Вадим чувствует, как электрический ток пробегает по телу и ему хочется притронуться к руке, которая рядом, невыносимо хочется притронуться к руке, которая рядом. Притронуться, прикоснуться к руке – ничего больше. Прикоснуться к руке, и он прикасается, и тысячью чувств взвивается в нём прикосновение.
И всех, всё вокруг, и пустыню, и небесный свет, и Луну, теперь уже клокочущую и красную, будто её тоже окропили кровью, и даже соглядатаев на горизонте, и жрецов и жриц, и белых дев, и богов, и грифонов, и белых львов, ланей, шакалов, соколов, бычьи головы и белых вόронов, дующих в трубы – всё, всех пронзает ярая космическая жажда, вожделение и похоть.

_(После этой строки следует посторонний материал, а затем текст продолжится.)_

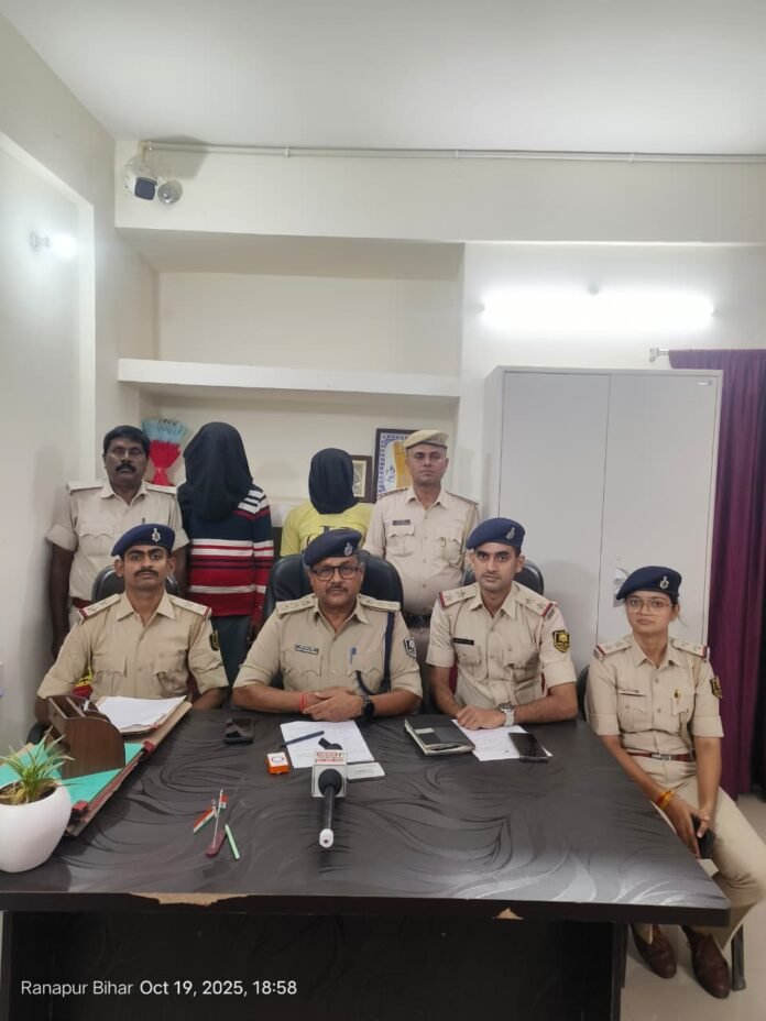 बेलागंज। चाकंद थाना अंतर्गत नौगढ़ मोड़ के पास वाहन चेकिंग अभियान चलाया जा रहा था इसी दौरान गया पुलिस को गुप्त सूचना मिली कि अवैध हथियार का तस्करी किया जा रहा है, वरीय पुलिस अधीक्षक गया जी के द्वारा निर्देशित करते हुए डीएसपी रवि प्रकाश सिंह के नेतृत्व में एक विशेष टीम का गठन किया गया। फिर वाहन जाँच अभियान चलाया गया अवैध हथियार भंडारण एवं तस्कर के खिलाफ विशेष अभियान चलाया गया।डीएसपी रवि प्रकाश सिंह ने प्रेस कॉन्फ्रेंस करते हुए बताया कि नौगढ़ मोड़ के पास वाहन चेकिंग किया जा रहा था उसी दौरान गया पुलिस को सूचना मिली के अवैध हथियार का तस्करी किया जा रहा है जिसमें एक मोटरसाइकिल पर सवार दो व्यक्ति नौगढ़ मोड़ के पास पहुंचते हैं पुलिस को देखकर भागने का प्रयास करने लगे जिसे सशस्त्र बलों के द्वारा पकड़ कर दो चक्का वाहन को तलाशी ली गई तो सीट के नीचे से एक देसी कट्टा बरामद किया गया हिरासत में लिए गए दोनों व्यक्ति से जब पूछताछ की गई तो अपना नाम राजीव कुमार पिता देवशरण मिस्त्री ग्राम शेखपुरा एवं दूसरा व्यक्ति अपना नाम सोनू आलम उर्फ सोनू खान पिता मोहम्मद अब्बास खान ग्राम समसपुर दोनों थाना बेलागंज के रहने वाले हैं राजीव कुमार से जब कड़ाई से पूछताछ की गई तो उसने बताया कि मैं अपने घर पर ही अवैध हथियार बनाता हूं और जिस तरह का आर्डर मिलता है उसे तरह के आर्डर पर बनाकर हथियार बेचता हूं, जब पुलिस ने समसपुर स्थित आवास पर छापेमारी की तो वहां से अवैध हथियार बनाने वाली कई उपकरण बरामद किया,वही सोनू आलम उर्फ सोनू खान के ऊपर पहले से ही कई आपराधिक मुकदमा दर्ज है दोनों का अपराधीक इतिहास कंगाल जा रहा है इस कांड में संलिप्त अपराधियों के खिलाफ छापेमारी की जा रही है।

Рокотом взвиваются тимпаны…
Бросайтесь на него, отвязные кобылицы,
Лижите его ненасытными языками!
…и белые девы любви, сдирая одежды, набрасываются на вожделенное тело, припадают и проникают его, обвивают и размазывают себя по жертвенной влагой окровавлённому чёрному дереву.
Пусть опьянят они тебя,
Чтоб стал ты быком неутомимым.
Вадим… Вадим, Вадим… Нет, его не убили. Он стал жертвой собственных фантазий и наваждений… Удивительно!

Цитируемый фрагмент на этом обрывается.